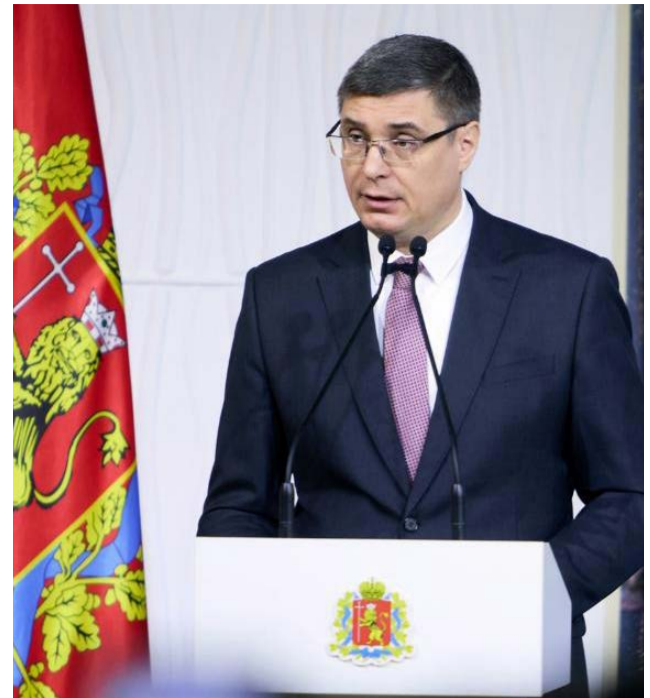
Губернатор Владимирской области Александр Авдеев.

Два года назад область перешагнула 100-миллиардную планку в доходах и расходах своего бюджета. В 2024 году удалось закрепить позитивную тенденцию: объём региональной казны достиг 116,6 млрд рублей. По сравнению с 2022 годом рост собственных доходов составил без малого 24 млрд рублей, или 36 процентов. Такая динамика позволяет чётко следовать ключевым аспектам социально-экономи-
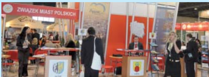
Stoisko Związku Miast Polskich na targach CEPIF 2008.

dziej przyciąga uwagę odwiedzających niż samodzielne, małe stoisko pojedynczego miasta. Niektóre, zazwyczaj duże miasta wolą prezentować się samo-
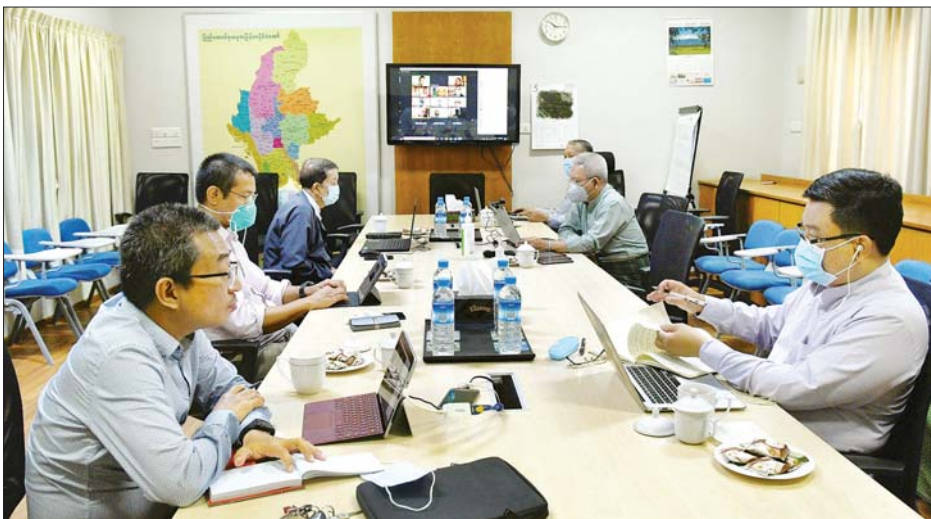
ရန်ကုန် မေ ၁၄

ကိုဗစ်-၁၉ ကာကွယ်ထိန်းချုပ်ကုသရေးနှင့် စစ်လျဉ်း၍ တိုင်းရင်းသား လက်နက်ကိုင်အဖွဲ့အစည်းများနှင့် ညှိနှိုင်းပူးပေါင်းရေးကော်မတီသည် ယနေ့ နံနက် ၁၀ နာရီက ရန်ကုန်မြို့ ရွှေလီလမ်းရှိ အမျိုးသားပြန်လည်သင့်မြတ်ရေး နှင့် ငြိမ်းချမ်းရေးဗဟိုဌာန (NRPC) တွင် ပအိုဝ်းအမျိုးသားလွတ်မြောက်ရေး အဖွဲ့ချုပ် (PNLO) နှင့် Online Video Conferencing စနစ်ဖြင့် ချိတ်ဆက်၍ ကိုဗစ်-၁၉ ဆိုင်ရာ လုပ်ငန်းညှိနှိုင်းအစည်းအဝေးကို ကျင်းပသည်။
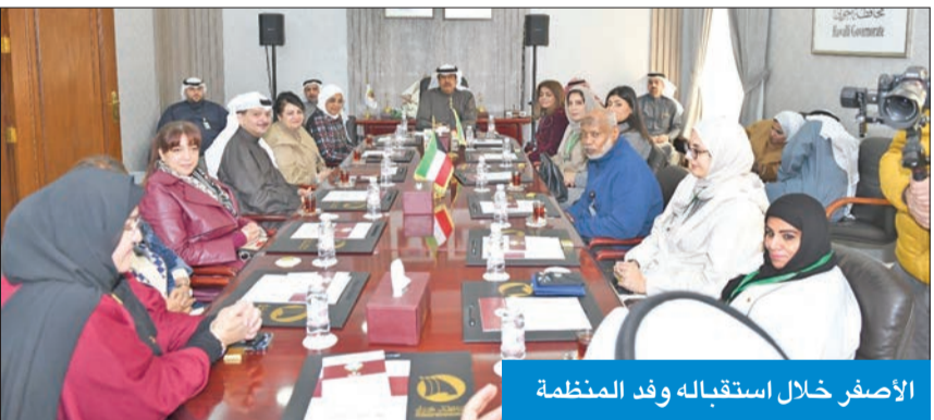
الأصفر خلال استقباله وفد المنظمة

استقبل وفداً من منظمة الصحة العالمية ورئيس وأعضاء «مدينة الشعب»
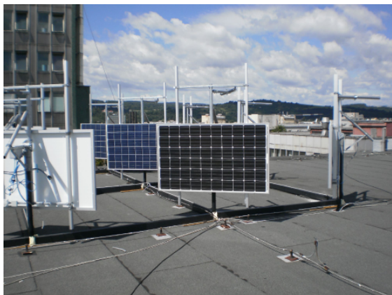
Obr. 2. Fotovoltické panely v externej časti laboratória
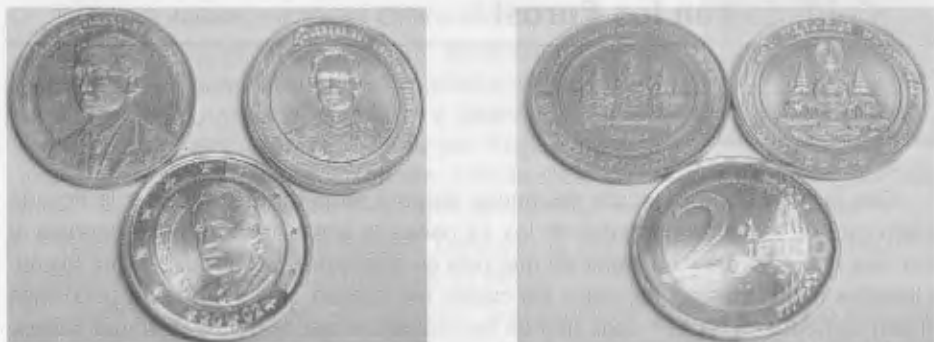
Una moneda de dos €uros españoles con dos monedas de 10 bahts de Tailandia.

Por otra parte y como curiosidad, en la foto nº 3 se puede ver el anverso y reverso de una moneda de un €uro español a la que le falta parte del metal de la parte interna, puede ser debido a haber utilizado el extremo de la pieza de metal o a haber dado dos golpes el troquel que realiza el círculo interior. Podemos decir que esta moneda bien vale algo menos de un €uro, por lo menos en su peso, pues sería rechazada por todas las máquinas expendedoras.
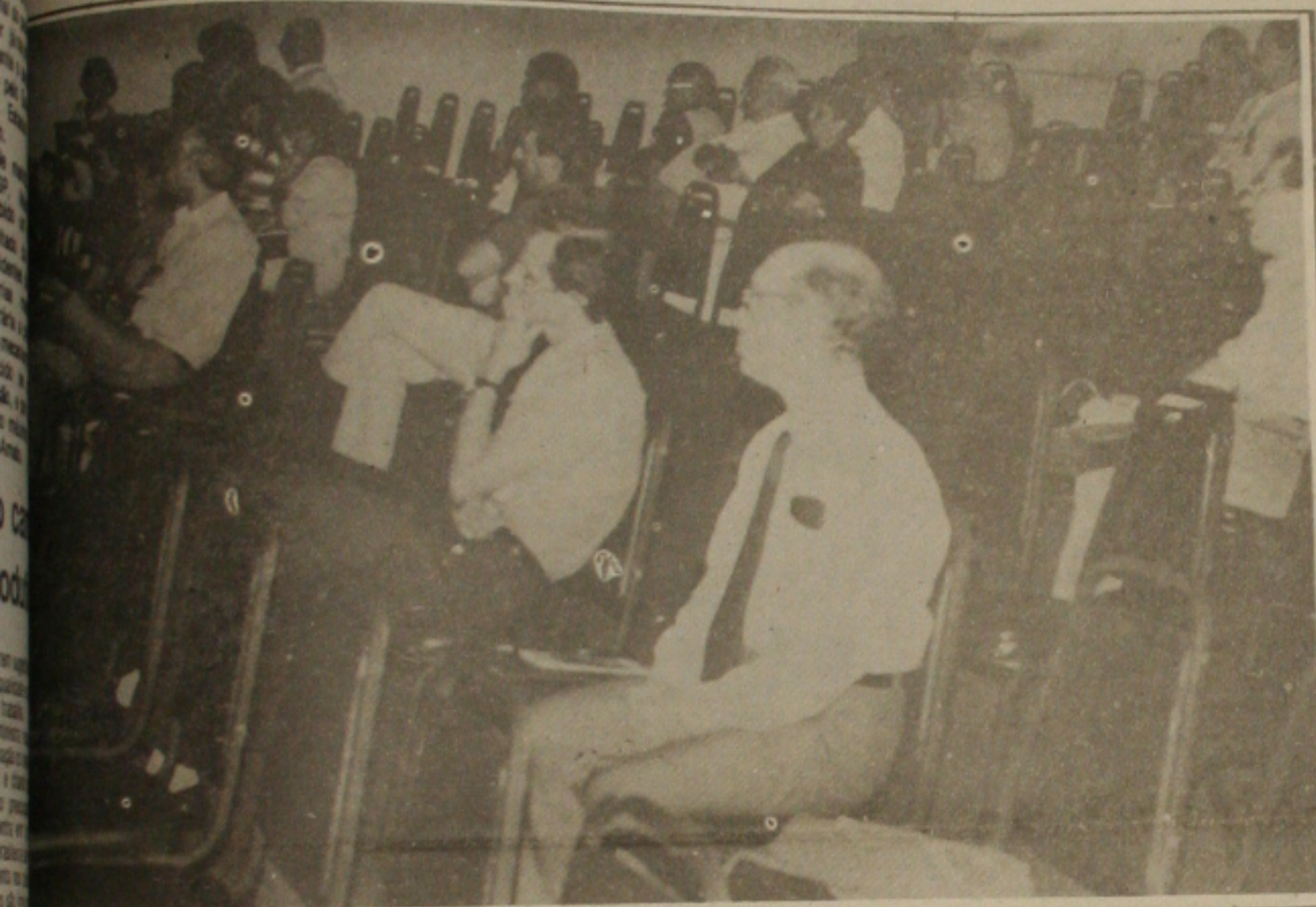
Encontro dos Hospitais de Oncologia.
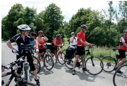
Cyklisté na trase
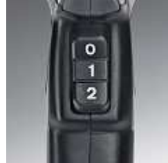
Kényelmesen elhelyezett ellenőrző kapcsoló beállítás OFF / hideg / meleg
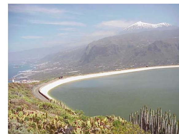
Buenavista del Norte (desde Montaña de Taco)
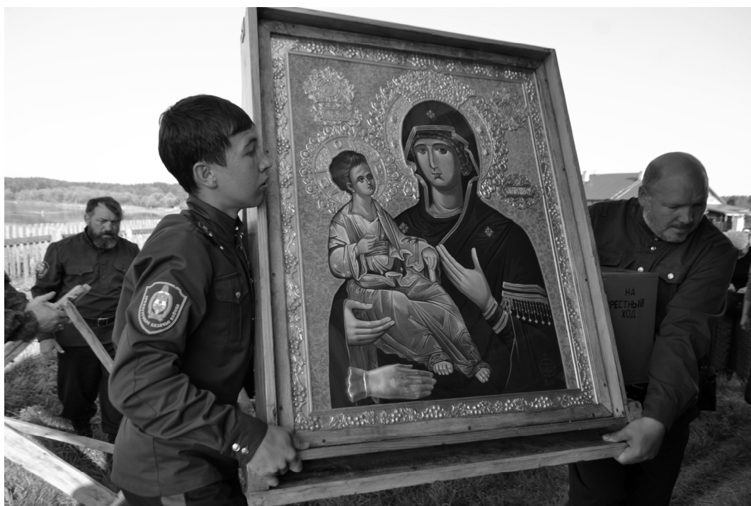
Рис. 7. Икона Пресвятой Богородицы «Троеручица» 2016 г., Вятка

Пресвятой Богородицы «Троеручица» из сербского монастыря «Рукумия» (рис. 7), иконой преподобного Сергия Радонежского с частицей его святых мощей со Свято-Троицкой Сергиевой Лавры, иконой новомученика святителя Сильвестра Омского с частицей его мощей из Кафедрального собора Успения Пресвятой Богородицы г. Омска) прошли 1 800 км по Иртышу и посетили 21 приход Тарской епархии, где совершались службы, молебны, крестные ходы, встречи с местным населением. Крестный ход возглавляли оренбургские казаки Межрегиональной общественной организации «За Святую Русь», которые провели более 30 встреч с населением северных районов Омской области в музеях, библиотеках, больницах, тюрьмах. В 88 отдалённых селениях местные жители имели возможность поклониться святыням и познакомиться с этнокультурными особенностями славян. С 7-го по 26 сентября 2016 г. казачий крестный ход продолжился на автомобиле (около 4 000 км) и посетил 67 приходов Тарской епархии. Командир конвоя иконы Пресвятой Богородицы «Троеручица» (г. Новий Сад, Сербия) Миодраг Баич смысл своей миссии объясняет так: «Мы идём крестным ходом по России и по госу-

• **How to complete this task**: Copy nothing but the lines above from the one with "Obr. 2. Fotovoltické" to the one with "Una moneda de dos", inclusive, word for word. Leave every picture out.

• **Task answer**:
Obr. 2. Fotovoltické panely v externej časti laboratória
Una moneda de dos €uros españoles con dos monedas de 10 bahts de Tailandia.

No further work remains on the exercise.